HealthMedicine

Segments of the lung. Lung segments of the lungs

Lungs are the main respiratory organs. They fill the entire thoracic cavity with the exception of the mediastinum. Next, consider the main tasks of these bodies. The article will also describe the lobes and segments of the lungs.

Functions

In the lungs, gas exchange takes place. This process is the absorption from the air of oxygen alveoli by blood erythrocytes and the release of carbon dioxide, which decomposes into water and gas in the lumen. Thus, in the lungs there is a fairly close union of nerves, lymphatic and blood vessels, as well as airways. The latter begins with the early stages of phylogenetic and embryonic development.

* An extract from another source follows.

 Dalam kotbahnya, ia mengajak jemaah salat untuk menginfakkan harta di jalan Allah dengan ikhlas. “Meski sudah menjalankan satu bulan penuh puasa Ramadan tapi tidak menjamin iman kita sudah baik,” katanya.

The degree of ventilation, as well as the intensity of blood flow, the diffuse velocity of gases through the alveolar-capillary membrane, the elasticity and thickness of the elastic framework, the saturation of hemoglobin and other factors determine the level of oxygen supply to the body. When a single indicator changes, there is a violation of respiratory physiology and a number of functional disorders may occur.

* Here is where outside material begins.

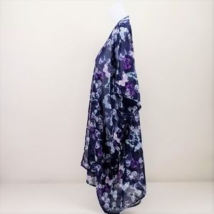 K Accessories Kimono Top Purple Green Butterfly Print Womens One Size Fits Most

Departments: general information

Segments of the human lungs are parts of the parenchyma. They include an artery and a bronchus. On the periphery, the elements are spliced. Unlike the pulmonary lobules, the joint sites do not contain clear connective tissue layers. Each element is represented as a cone. The top is directed to the gates of the lung, the base - to the surface. Branches of veins lie in the joints. There are nine segments in the left lung. In the next organ there are 10 parts. The left lung includes two lobes. The right consists of three parts. In this regard, their internal structure is somewhat different. To the left in the lower lobe, 4 segments are distinguished. These include:

  1. Lower-back.
  2. Low-level.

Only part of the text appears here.